Attribution & Licensing
This is one of those can of worms areas that (a) is more a social issue than a technical one and (b) is probably not going to get a lot of attention because, quite frankly most people find it boring. However its a critical component of LOD that will only cause greater problems the longer it is left to fester. Leigh Dodds has already done some initial research and thinking in this area and outlined some of the issues. The issues in this area that interest me are:
- Would it be possible to simplify open data licensing through a Creative Commons-style approach of defining a set of licenses with a well-defined set of attributes to them that can be used to govern how data is attributed and linked to and uses to which it can be put ?
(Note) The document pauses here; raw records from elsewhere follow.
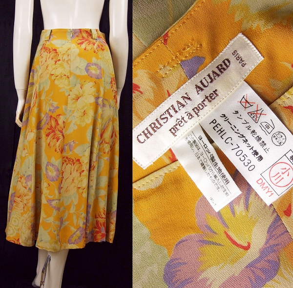 ![]() ![]() 落札後はオークション終了のお知らせメールに出品者からのメッセージが御座います。 自己紹介欄には急な休み等の記載をする場合が御座いますので一度お目通し頂きます様お願いいたします。ご一読の上オークション終了後2日以内の連絡、 落札後4日以内のご入金のお約束を守って頂ける方のご入札をお待ちしております。 小さい子供がおりますのでお急ぎのお取引を希望される方のご入札は遠慮下さいませ。 ---↓ここにブランド名記入---- ブランド名:CHRISTIAN AUJARD クリスチャンオジャール ---↓ここに特徴記入---- 特徴:しなやかな優雅ロングスカートです。マンダリンオレンジを基調に藤色系などの花柄が優美に描かれたヨーロッパ製生地滑らかシルク100%。たっぷりフレアーな高級感漂うロングスカートです。 ---↓ここにサイズ記入---- サイズ : 表記なし 表示(Sサイズ相当)(トルソーは9号です) 実寸(平置き採寸) ウエスト32.5cm、着丈83cm、ヒップ52cm、裾幅106cm、合わせ部後ろフック、ファスナー留 ---↓ここに素材記入---- 素材 : 絹100% 裏地 キュプラ(ベンベルグ)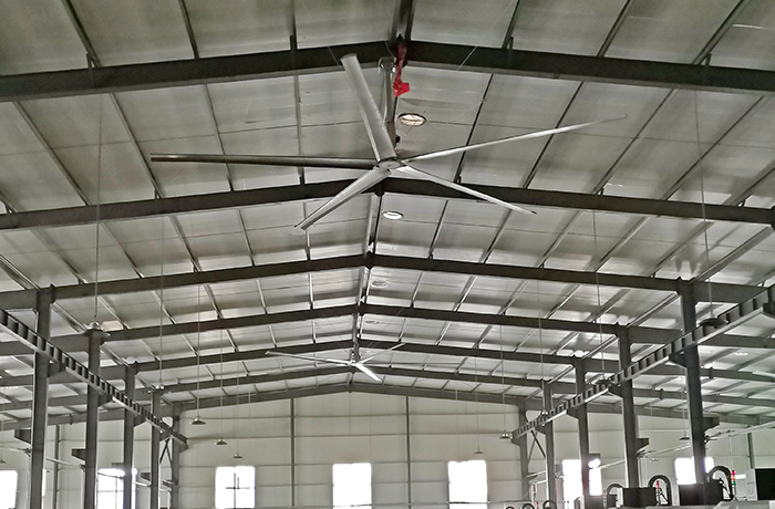 工業(yè)吊扇的體積較大是毋庸置疑的事實,為了安裝完成之后出現(xiàn)扇葉或其他部位的脫落情況,因此在防脫裝置上進行了加固處理,將扇葉、底盤和電機連成一體,另外在扇葉本體內(nèi)嵌入鋼絲網(wǎng),將每片扇葉通體相連,防止扇葉出現(xiàn)斷裂局部掉落的現(xiàn)象。
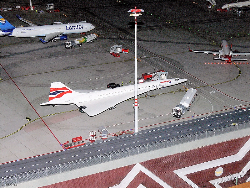 Eine Sache war leicht witzig weil die Air Berlin A-330 ohne Bugrad landete und dann von einem Mitarbeiter zur Reparatur mitgenommen werden mußte. Es wird repariert, erweitert, neu gebaut; da ist so ein nicht abgesenktes Näschen der Concorde noch das Geringste. Wenn man bedenkt das die Nase erst bei ca. 460 km/H. gerade gemacht wurde ist die gerade Nase im Stand sehr schlecht weil dann kein Pilot etwas sehen würde.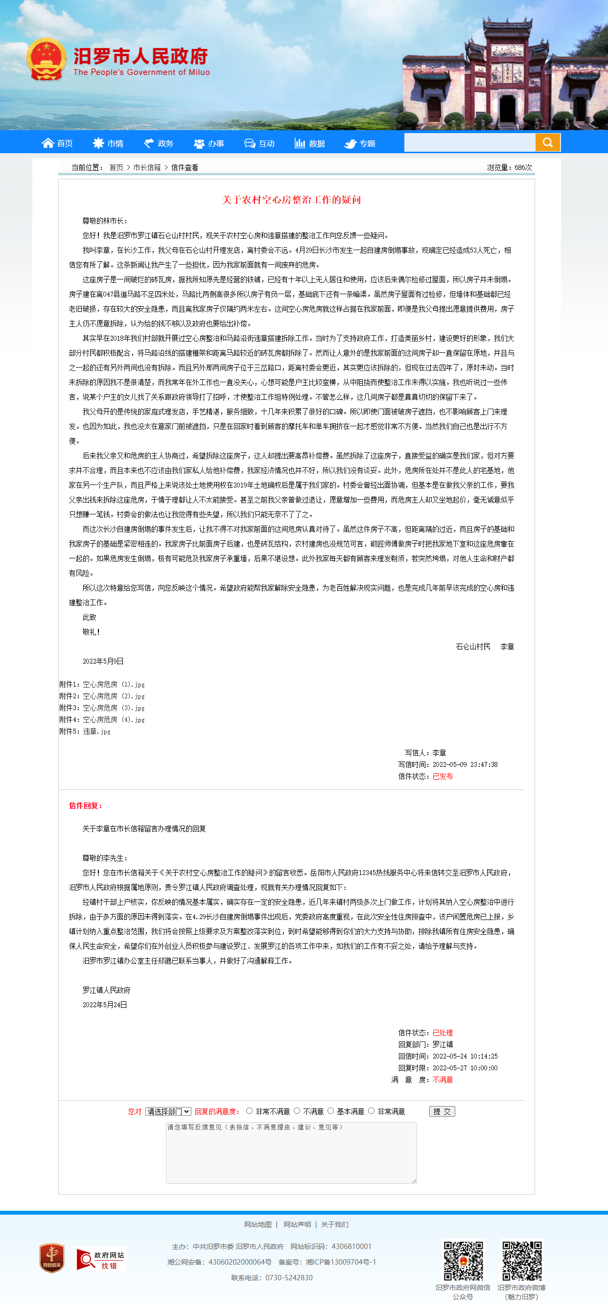 经过两个多星期后,罗江镇政府办公室才回复我已经记录该危房,需要对罗江镇整体危房进行排查,7月初开始整治。而现在7月已经进入下旬,各方面均未见到任何措施和回复,现在我再次向汨罗市政府投诉此事,我对结果很不满意。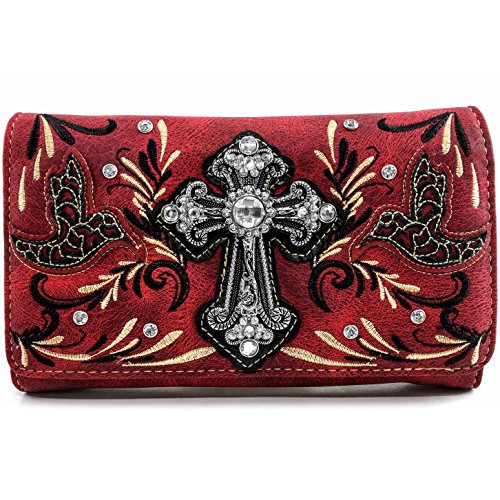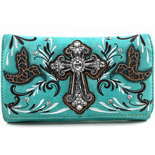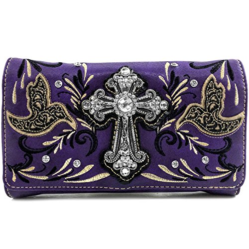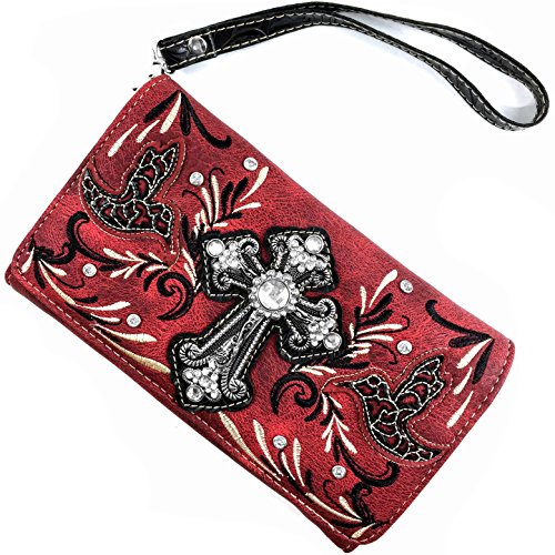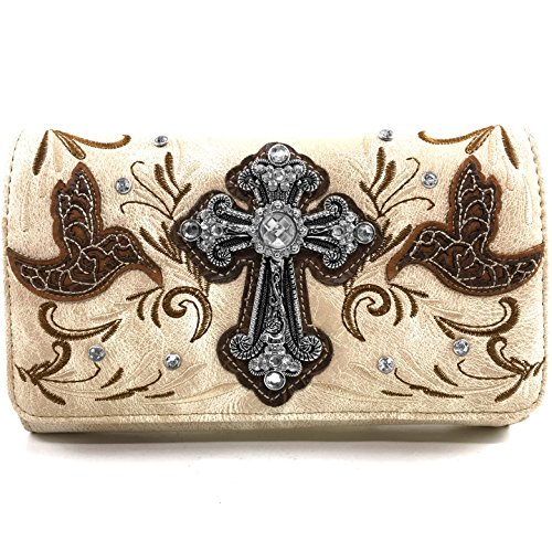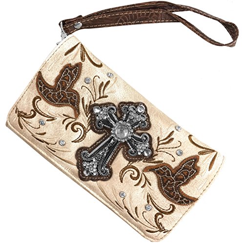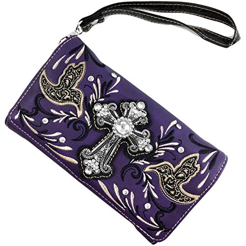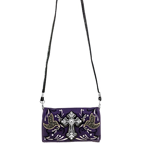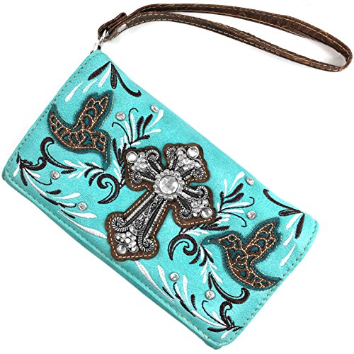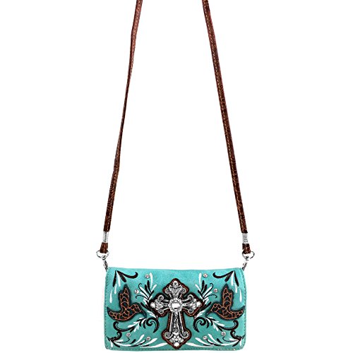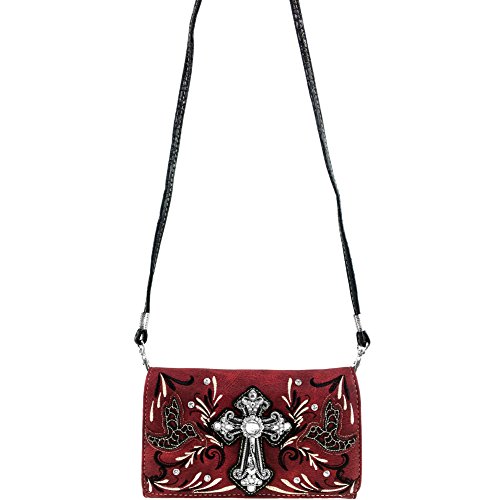 Product Description Justin West Embroidery Hummingbird Autumn Floral Design Rhinestone Cross Wristlet Trifold Wallet Attachable Long Strap 0

- What does it mean when a consumer of LOD publishes another data-set derived from one or more source data-sets. Are data licenses viral ? What level of remixing is sufficient for a work to count as a new unique work ? I am sure that there is precedent in offline publishing and online content publishing - the question is are such precedents appropriate ? Will we need to test this in case law (as was suggested by Bob Schloss from IBM in a different session).
- What does it mean when a consumer of LOD publishes an application that internally makes use of one or more data sets or a data set synthesized from one or more data sets, but does not display the data (for example using Wordnet in a natural language interface)
- How can we make a solution scale for:
- Applications that make use of hundreds or thousands of data sets
- Applications that discover data sets at run-time
And there was so much more
Writing up the last of these notes on the train on the way home from the workshop I am both frazzled and buzzing. In the last 48 hours I have learned about stuff that I want to emulate, things that I need to make sure go into our products and things that are just going to worry me for years to come. In these 2000 words, I feel I have really only scraped the surface and I’m sure that there was a load of stuff that just went completely over my head. I’ll leave it to others to fill in all the gaps I have left in my truly partial account of an amazing event.
The agenda for the day, along with links to the papers and presentations are all available here on the W3C website. My own presentation on OData/SPARQL interoperability is also available here on Slideshare.